TO DO
Give back an exact copy of the listing that follows, without the pictures.

INFORMATION SHOWN

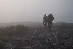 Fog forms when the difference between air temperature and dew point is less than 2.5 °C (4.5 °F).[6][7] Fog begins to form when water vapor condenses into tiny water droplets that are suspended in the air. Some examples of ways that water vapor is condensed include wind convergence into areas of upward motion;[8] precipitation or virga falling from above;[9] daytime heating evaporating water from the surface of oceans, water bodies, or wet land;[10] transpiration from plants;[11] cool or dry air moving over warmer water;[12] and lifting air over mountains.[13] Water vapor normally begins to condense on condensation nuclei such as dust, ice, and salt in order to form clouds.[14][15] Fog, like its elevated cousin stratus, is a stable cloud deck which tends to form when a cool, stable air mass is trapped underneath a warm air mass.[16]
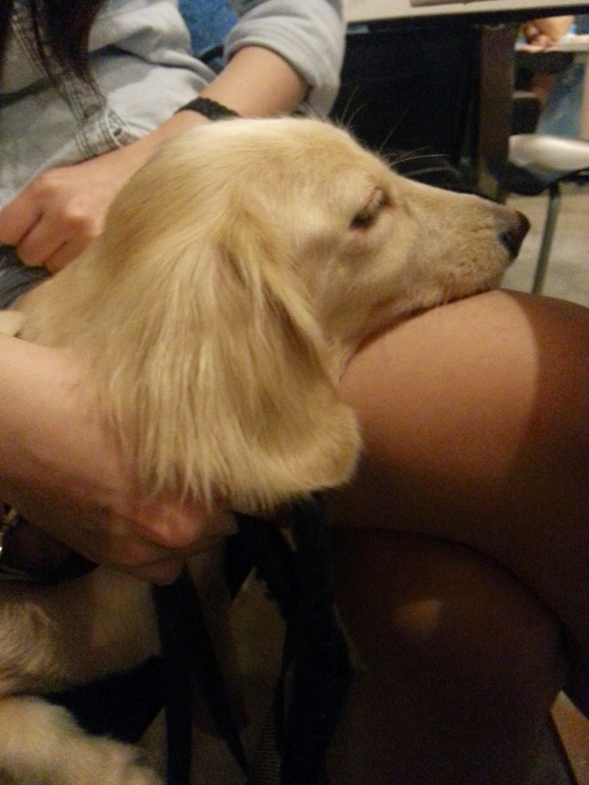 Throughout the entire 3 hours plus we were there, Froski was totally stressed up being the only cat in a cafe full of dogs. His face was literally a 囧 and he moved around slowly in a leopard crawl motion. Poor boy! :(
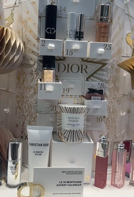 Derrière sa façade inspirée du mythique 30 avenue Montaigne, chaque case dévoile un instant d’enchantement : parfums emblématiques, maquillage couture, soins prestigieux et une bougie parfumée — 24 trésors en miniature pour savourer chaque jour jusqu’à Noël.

ANSWER FOR THE TASK
 Fog forms when the difference between air temperature and dew point is less than 2.5 °C (4.5 °F).[6][7] Fog begins to form when water vapor condenses into tiny water droplets that are suspended in the air. Some examples of ways that water vapor is condensed include wind convergence into areas of upward motion;[8] precipitation or virga falling from above;[9] daytime heating evaporating water from the surface of oceans, water bodies, or wet land;[10] transpiration from plants;[11] cool or dry air moving over warmer water;[12] and lifting air over mountains.[13] Water vapor normally begins to condense on condensation nuclei such as dust, ice, and salt in order to form clouds.[14][15] Fog, like its elevated cousin stratus, is a stable cloud deck which tends to form when a cool, stable air mass is trapped underneath a warm air mass.[16]
 Throughout the entire 3 hours plus we were there, Froski was totally stressed up being the only cat in a cafe full of dogs. His face was literally a 囧 and he moved around slowly in a leopard crawl motion. Poor boy! :(
 Derrière sa façade inspirée du mythique 30 avenue Montaigne, chaque case dévoile un instant d’enchantement : parfums emblématiques, maquillage couture, soins prestigieux et une bougie parfumée — 24 trésors en miniature pour savourer chaque jour jusqu’à Noël.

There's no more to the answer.